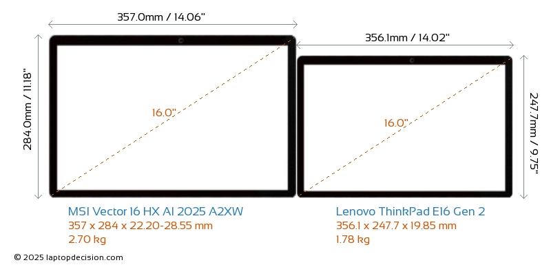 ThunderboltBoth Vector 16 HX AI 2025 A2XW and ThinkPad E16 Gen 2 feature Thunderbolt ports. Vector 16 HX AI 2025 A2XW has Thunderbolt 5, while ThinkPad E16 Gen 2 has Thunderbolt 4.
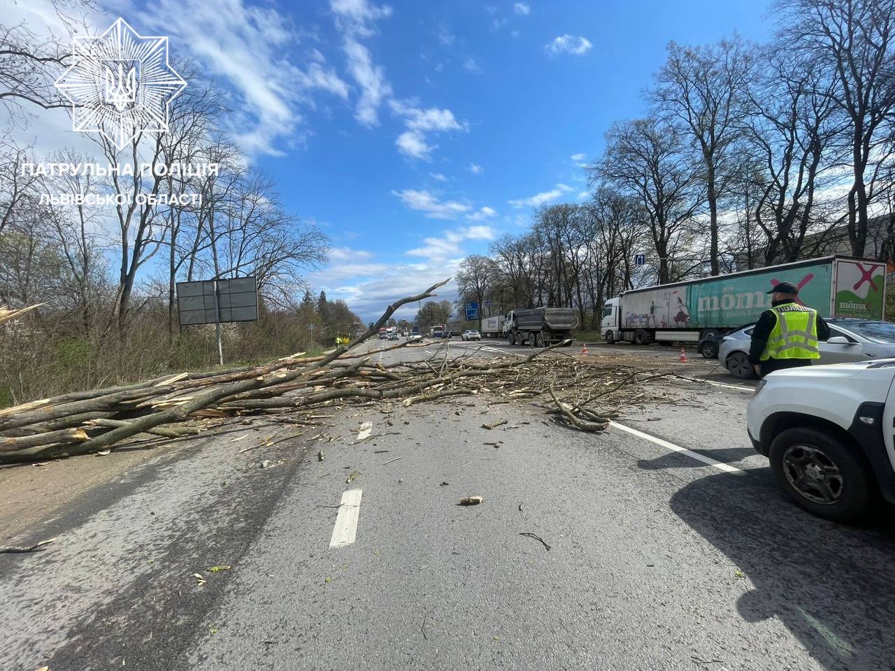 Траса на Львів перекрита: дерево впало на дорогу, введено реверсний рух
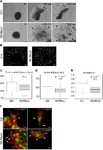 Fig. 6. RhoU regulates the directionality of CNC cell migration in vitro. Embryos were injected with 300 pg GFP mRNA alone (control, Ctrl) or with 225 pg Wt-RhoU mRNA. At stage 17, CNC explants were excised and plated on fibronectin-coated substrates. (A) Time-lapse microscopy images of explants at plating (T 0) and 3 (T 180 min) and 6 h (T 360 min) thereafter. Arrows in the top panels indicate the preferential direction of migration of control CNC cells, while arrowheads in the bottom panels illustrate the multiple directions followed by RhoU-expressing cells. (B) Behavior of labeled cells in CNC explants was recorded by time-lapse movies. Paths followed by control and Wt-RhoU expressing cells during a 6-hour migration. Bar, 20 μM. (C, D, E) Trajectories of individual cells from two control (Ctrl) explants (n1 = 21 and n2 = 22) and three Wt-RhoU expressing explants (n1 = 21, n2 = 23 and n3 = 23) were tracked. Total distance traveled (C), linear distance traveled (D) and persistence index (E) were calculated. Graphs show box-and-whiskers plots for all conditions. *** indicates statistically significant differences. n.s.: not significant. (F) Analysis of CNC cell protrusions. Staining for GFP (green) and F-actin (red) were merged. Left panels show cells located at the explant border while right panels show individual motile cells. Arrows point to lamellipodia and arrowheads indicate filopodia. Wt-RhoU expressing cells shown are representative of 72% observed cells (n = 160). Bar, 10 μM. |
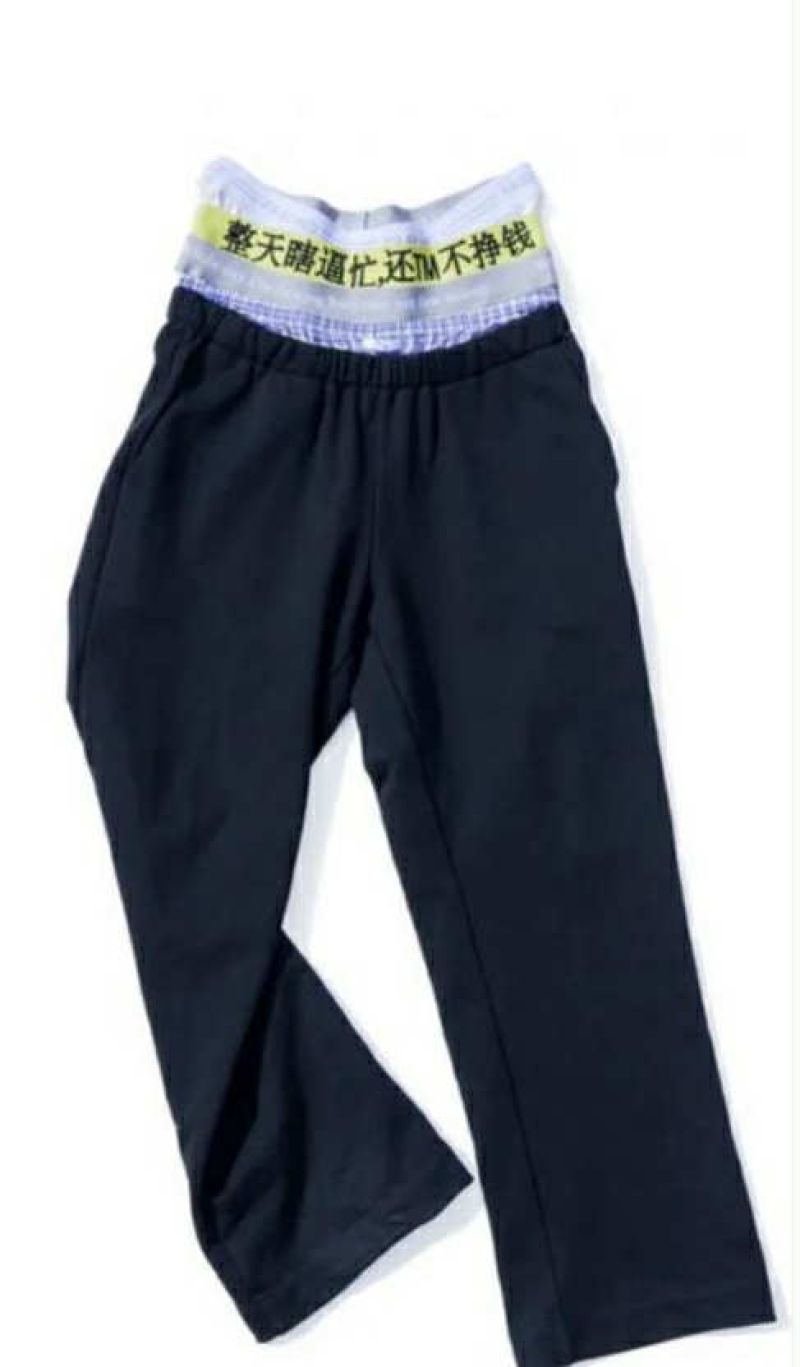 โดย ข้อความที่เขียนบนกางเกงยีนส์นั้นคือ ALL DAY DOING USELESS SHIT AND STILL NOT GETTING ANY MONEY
-- -- --
- **EXERCISE DESCRIPTION**
Would you please output only the lines from the start of the material above up to and including the line with "Траса на Львів", exactly as they appear and without pictures?

- **ANSWER TO THIS EXERCISE**
 ThunderboltBoth Vector 16 HX AI 2025 A2XW and ThinkPad E16 Gen 2 feature Thunderbolt ports. Vector 16 HX AI 2025 A2XW has Thunderbolt 5, while ThinkPad E16 Gen 2 has Thunderbolt 4.
 Траса на Львів перекрита: дерево впало на дорогу, введено реверсний рух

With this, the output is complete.